RECORDED INFORMATION:
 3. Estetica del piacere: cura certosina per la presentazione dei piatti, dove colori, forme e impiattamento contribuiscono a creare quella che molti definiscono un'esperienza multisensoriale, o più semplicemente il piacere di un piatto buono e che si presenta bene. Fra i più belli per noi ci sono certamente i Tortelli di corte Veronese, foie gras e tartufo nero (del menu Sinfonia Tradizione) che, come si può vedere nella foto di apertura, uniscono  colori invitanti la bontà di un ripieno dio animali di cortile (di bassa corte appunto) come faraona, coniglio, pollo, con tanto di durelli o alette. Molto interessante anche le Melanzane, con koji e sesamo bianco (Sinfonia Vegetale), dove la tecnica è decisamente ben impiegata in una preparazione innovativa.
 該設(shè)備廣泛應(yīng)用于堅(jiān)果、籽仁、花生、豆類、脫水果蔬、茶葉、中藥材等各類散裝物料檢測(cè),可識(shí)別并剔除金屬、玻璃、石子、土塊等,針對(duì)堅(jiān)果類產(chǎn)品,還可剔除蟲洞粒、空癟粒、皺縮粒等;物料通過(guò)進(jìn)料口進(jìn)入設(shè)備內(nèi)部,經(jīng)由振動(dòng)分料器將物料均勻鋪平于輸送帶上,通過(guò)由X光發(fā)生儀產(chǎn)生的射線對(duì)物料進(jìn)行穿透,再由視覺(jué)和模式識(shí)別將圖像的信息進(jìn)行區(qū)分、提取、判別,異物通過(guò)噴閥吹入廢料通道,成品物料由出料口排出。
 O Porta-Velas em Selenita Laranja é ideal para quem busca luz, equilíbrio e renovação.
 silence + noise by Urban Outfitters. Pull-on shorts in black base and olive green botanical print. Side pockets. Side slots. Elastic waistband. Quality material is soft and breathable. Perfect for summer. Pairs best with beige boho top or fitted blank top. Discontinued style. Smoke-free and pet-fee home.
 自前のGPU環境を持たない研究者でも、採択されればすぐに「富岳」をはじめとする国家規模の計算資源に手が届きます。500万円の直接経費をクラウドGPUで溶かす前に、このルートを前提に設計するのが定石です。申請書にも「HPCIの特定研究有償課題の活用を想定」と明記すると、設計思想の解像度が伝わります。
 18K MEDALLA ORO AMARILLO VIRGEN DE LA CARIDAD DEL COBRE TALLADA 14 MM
* * *
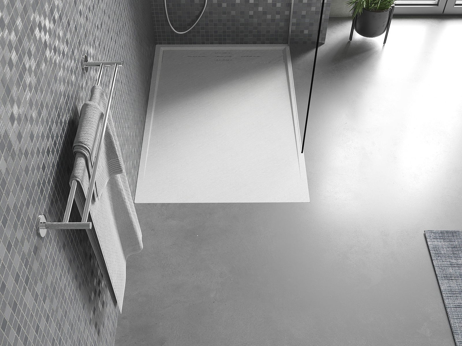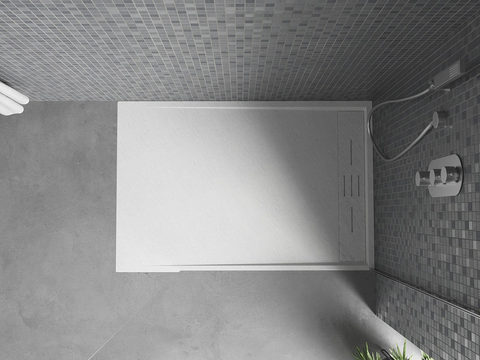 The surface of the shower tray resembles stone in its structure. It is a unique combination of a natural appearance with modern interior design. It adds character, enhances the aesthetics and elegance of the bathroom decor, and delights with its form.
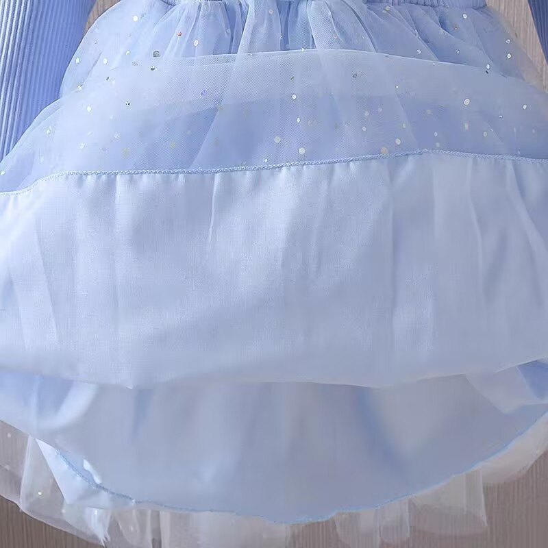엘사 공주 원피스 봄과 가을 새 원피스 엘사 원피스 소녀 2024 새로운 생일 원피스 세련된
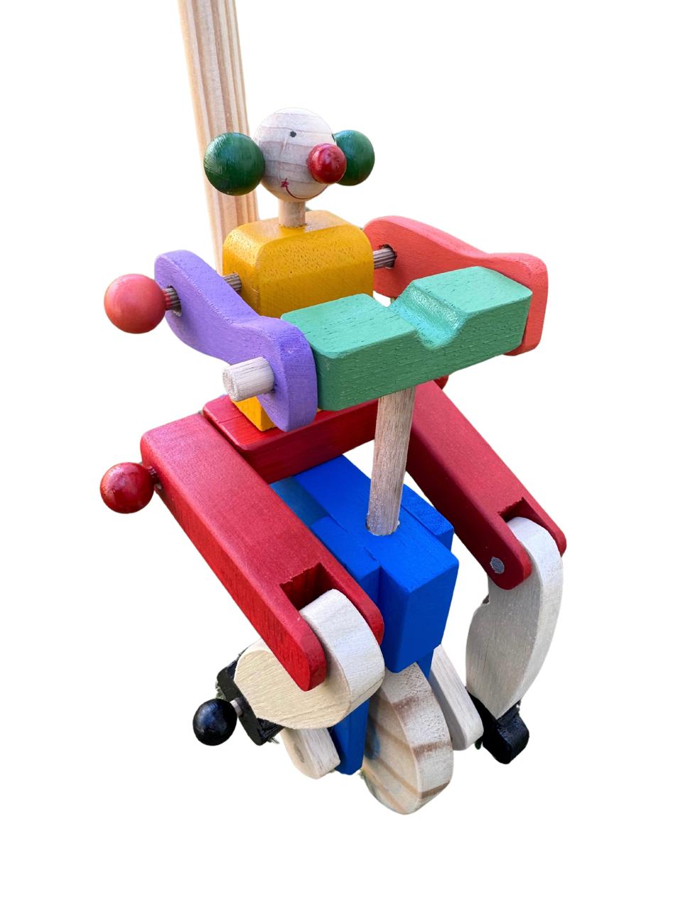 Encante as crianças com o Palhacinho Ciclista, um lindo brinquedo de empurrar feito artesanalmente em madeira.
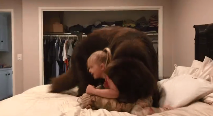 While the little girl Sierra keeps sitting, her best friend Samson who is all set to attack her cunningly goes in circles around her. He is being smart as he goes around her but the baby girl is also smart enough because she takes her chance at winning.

WHAT THE TASK ASKS:
All that should appear in the answer is the lines above from the line with "The surface of" through the line with "While the little", retyped exactly, pictures left out.

WRITTEN ANSWER:
 The surface of the shower tray resembles stone in its structure. It is a unique combination of a natural appearance with modern interior design. It adds character, enhances the aesthetics and elegance of the bathroom decor, and delights with its form.
엘사 공주 원피스 봄과 가을 새 원피스 엘사 원피스 소녀 2024 새로운 생일 원피스 세련된
 Encante as crianças com o Palhacinho Ciclista, um lindo brinquedo de empurrar feito artesanalmente em madeira.
 While the little girl Sierra keeps sitting, her best friend Samson who is all set to attack her cunningly goes in circles around her. He is being smart as he goes around her but the baby girl is also smart enough because she takes her chance at winning.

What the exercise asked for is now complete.